Em artigo publicado no Diário de Pernambuco, Daniel Almeida, que atua na plataforma de geração de startups do CESAR, o histórico de baixos investimentos em inovação é agravado pela falta de políticas adequadas de desenvolvimento tecnológico e por cortes na área de pesquisa.
Ele afirma que a resistência à adoção de novas tecnologia também está relacionada ao alto investimento e ao ciclo produtivo longo. No pior cenário avaliado – quando uma obra pode levar até 10 anos para ser concluída –, os custos de implementação de novas tecnologias e o desconhecimento sobre os seus resultados econômicos e operacionais são inibidores de inovação digital.
Felizmente, a transformação digital se faz mandatória – muito acelerada pela crise mundial em decorrência da pandemia da Covid-19 – e já enxergamos um movimento de grandes empresas, construtoras tradicionais (e também de incorporadoras) em direção à construção 4.0.
Algumas iniciativas são o MitHub – lançado pela Cyrela em 2018 e destinada a fomentar o empreendedorismo no mercado imobiliário e na construção civil – e, mais recentemente, o NextFloor, plataforma de inovação que estabelece canal direto com empreendedores e startups.
Além disso, os programas de inovação aberta estão impulsionando o caldeirão de soluções para a construção civil, tais como o Vetor AG, da Andrade Gutierrez, e os Labs e hubs de inovação criados a partir de parcerias (como o OKARA Hub da Engeform, o HousinPact da ArcelorMittal e o LAB da MARV também em Minas Gerais). Todas essas iniciativas reforçam o objetivo de fomentar a inovação e o empreendedorismo no setor, unindo empresas, organizações, empreendedores e centros de conhecimento e tecnologia.

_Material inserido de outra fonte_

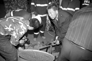 4月25日,救援人员搜救失踪的工人。 当日下午4点30分许,河北省邯郸市几名清淤工在该市铁西北大街主污水管道进行清掏作业时,一名作业工人不慎被困深约8米的井下,在自救过程中两名工人又被困井下。事故发生后,当地消防特勤人员迅速展开营救工作,傍晚又从邯郸一煤矿调来一支救护队配合搜救。最终,两名工人被救出并送往附近医院救治,尚有一名工人失踪。截至26日发稿时,寻找救助工作还在进行中。 新华社发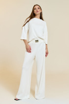 Комплект женский состоящий из блузки и юбки. Блузка прилегающего силуэта, отрезная по линии талии, вырез горловины-круглый, рукав 3/4 со складками по окату, застежка по спинке на пуговицы, изделие на подкладке, со съемным посом. Юбка прямая, зауженная к низу, на обтачке, застежка сзади на молнию, в среднем шве заднего полотнища-шлица, изделие на подкладке.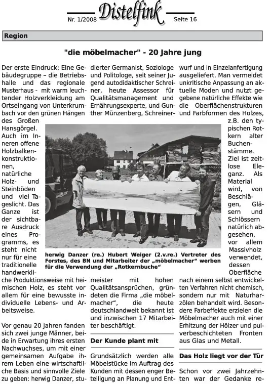 Bund Naturschutz Nürnberger Land berichtet im Distelfink über die Möbelmacher

Temos um amplo mercado e muito espaço para desenvolver projetos inovadores para o setor e com alta demanda em regiões como Norte e Nordeste. Com movimentos identificados que começam a ser percebidos pelo mercado, acendem o alerta de investidores e articuladores de parcerias e ativação do ecossistema de inovação voltado à construção civil para, finalmente, romper as barreiras culturais e aproximar de fato as construtoras das soluções e tecnologias disponíveis.
As parcerias e oportunidades já existem e queremos apoiar o mercado de construção civil em seu processo de transformação real – ainda que digitalmente.